Return the records below in full. Keep every word exact and skip the images.

(Source information)

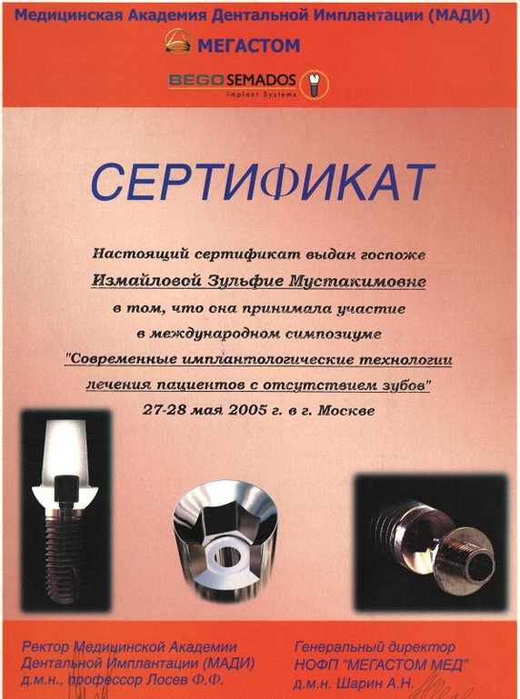 | 2005 | Международный конгресс «Современные имплантологические технологии лечения пациентов с отсутствием зубов» | Медицинская академия дентальной имплантации (МАДИ) | Москва | |
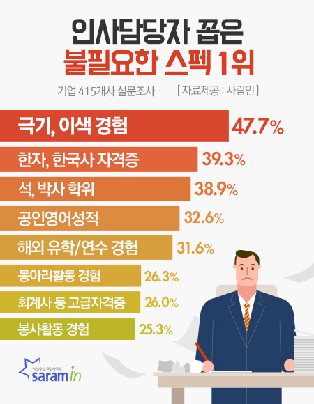 토익 고득점, 자격증 취득, 공모전 등 취업에 성공하기 위해 다양한 스펙 쌓기에 여념이 없는 구직자들이 많다. 하지만 기업 인사담당자들은 실제로 지원자들의 스펙 중 불필요한 스펙도 많다고 입을 모은다.
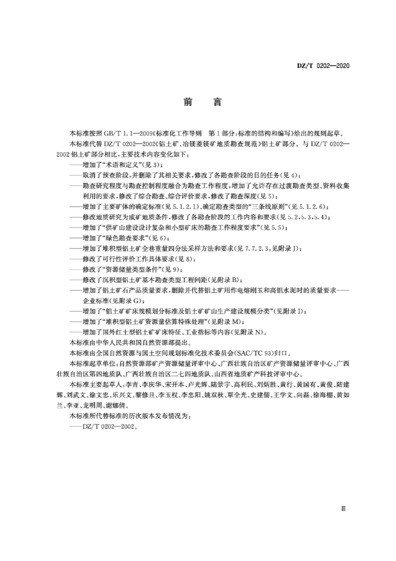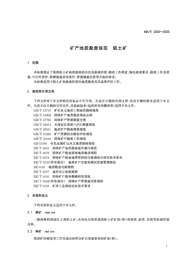 矿产地质勘查规范铝土矿Specificationsforbauxitemineralexploration348072@abc6小时前发布关注私信5.63MB52页032矿产地质勘查规范铝土矿Specificationsforbauxitemineralexploration此内容为付费资源,请付费后查看¥19¥23黄金会员免费钻石会员免费立即购买您当前未登录!建议登陆后购买,可保存购买订单付费资源 第1页 / 共52页 第2页 / 共52页 第3页 / 共52页 第4页 / 共52页 第5页 / 共52页 试读已结束,还剩47页,您可下载完整版后进行离线阅读 THE END标准规范 文本预览 1CS73.020:73.060.40D1202中华人民共和国地质矿产行业标准DZ/T0202一2020代替DZ/T0202一2002铝土矿部分矿产地质勘查规范铝土矿Specifications for bauxite mineral exploration2020-04-30发布2020-04-30实施中华人民共和国自然资源部发布 查看更多 收起部分 喜欢就支持一下吧收藏
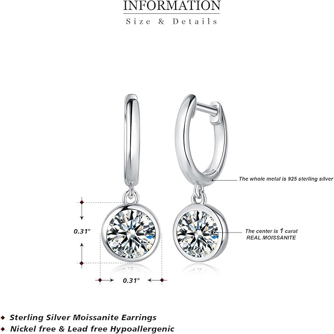925 Sterling Silver Moissanite Earrings, 0.5ct-1ct Moissanite Halo Earrings for Women, Moissanite Drop Dangle Hoop Earrings, Round Cut Brilliant D Color VVS1 Clarity Moissanite Stud Earrings for Women
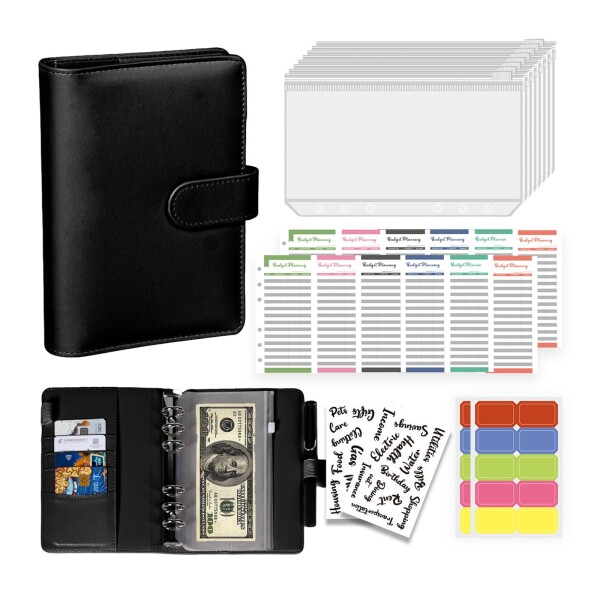 Doyime 予算バインダー A6 家計管理 お金管理 家計簿 袋分け 家計簿ファイル 袋分け 6穴 経費予算シート 書類 伝票 名刺 メモ紙入れ ルーズリーフバインダー 透明 大容量 システム手帳
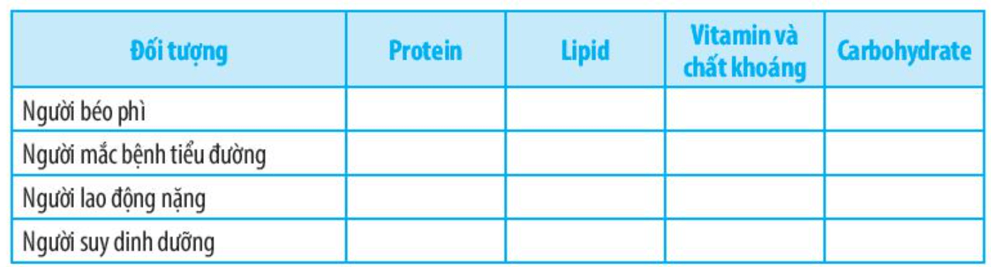 Bài 30.11 trang 76 SBT Khoa học tự nhiên 7: Em hãy cho biết những đối tượng trong bảng bên dưới cần cung cấp (+) hay cần hạn chế (-) ăn những loại thức ăn giàu các nhóm chất sau đây.
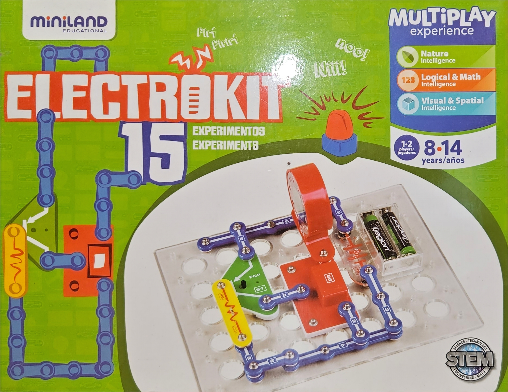 Met de Miniland Elektrokit 15 experimenten leren kinderen elektrische circuits te bouwen.
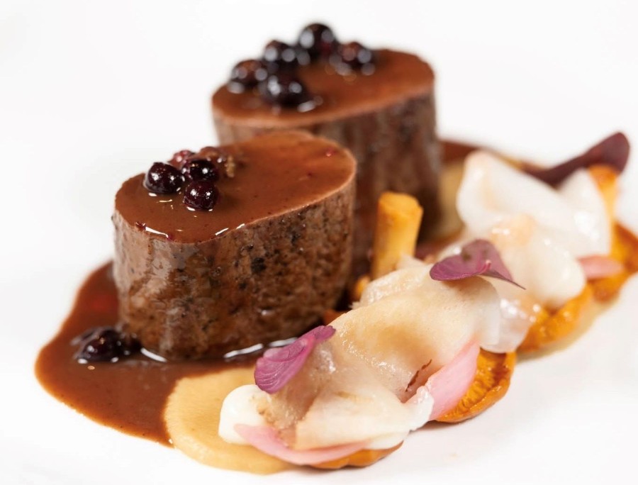 Moving on to the menu’s heavy hitters, the pigeon and the venison are two dishes of considerable power. The pigeon is cooked with exemplary precision, achieving a rare balance between depth of flavour and refinement. It retains its texture and character without losing elegance. Crisp lettuce brings a cooling freshness, umeboshi adds a finely calibrated acidity, ginger provides lift, and the sauce is delicately worked, precise and beautifully restrained. The venison, served with parsnip purée, girolle mushrooms and an impeccably judged redcurrant sauce, is equally impressive. Perfectly cooked, focused and clean in expression, it demonstrates the kitchen’s command of game and its ability to deliver intensity without heaviness.

(End Source information)

> Completed exercise:
 | 2005 | Международный конгресс «Современные имплантологические технологии лечения пациентов с отсутствием зубов» | Медицинская академия дентальной имплантации (МАДИ) | Москва | |
 토익 고득점, 자격증 취득, 공모전 등 취업에 성공하기 위해 다양한 스펙 쌓기에 여념이 없는 구직자들이 많다. 하지만 기업 인사담당자들은 실제로 지원자들의 스펙 중 불필요한 스펙도 많다고 입을 모은다.
 矿产地质勘查规范铝土矿Specificationsforbauxitemineralexploration348072@abc6小时前发布关注私信5.63MB52页032矿产地质勘查规范铝土矿Specificationsforbauxitemineralexploration此内容为付费资源,请付费后查看¥19¥23黄金会员免费钻石会员免费立即购买您当前未登录!建议登陆后购买,可保存购买订单付费资源 第1页 / 共52页 第2页 / 共52页 第3页 / 共52页 第4页 / 共52页 第5页 / 共52页 试读已结束,还剩47页,您可下载完整版后进行离线阅读 THE END标准规范 文本预览 1CS73.020:73.060.40D1202中华人民共和国地质矿产行业标准DZ/T0202一2020代替DZ/T0202一2002铝土矿部分矿产地质勘查规范铝土矿Specifications for bauxite mineral exploration2020-04-30发布2020-04-30实施中华人民共和国自然资源部发布 查看更多 收起部分 喜欢就支持一下吧收藏
925 Sterling Silver Moissanite Earrings, 0.5ct-1ct Moissanite Halo Earrings for Women, Moissanite Drop Dangle Hoop Earrings, Round Cut Brilliant D Color VVS1 Clarity Moissanite Stud Earrings for Women
 Doyime 予算バインダー A6 家計管理 お金管理 家計簿 袋分け 家計簿ファイル 袋分け 6穴 経費予算シート 書類 伝票 名刺 メモ紙入れ ルーズリーフバインダー 透明 大容量 システム手帳
 Bài 30.11 trang 76 SBT Khoa học tự nhiên 7: Em hãy cho biết những đối tượng trong bảng bên dưới cần cung cấp (+) hay cần hạn chế (-) ăn những loại thức ăn giàu các nhóm chất sau đây.
 Met de Miniland Elektrokit 15 experimenten leren kinderen elektrische circuits te bouwen.
 Moving on to the menu’s heavy hitters, the pigeon and the venison are two dishes of considerable power. The pigeon is cooked with exemplary precision, achieving a rare balance between depth of flavour and refinement. It retains its texture and character without losing elegance. Crisp lettuce brings a cooling freshness, umeboshi adds a finely calibrated acidity, ginger provides lift, and the sauce is delicately worked, precise and beautifully restrained. The venison, served with parsnip purée, girolle mushrooms and an impeccably judged redcurrant sauce, is equally impressive. Perfectly cooked, focused and clean in expression, it demonstrates the kitchen’s command of game and its ability to deliver intensity without heaviness.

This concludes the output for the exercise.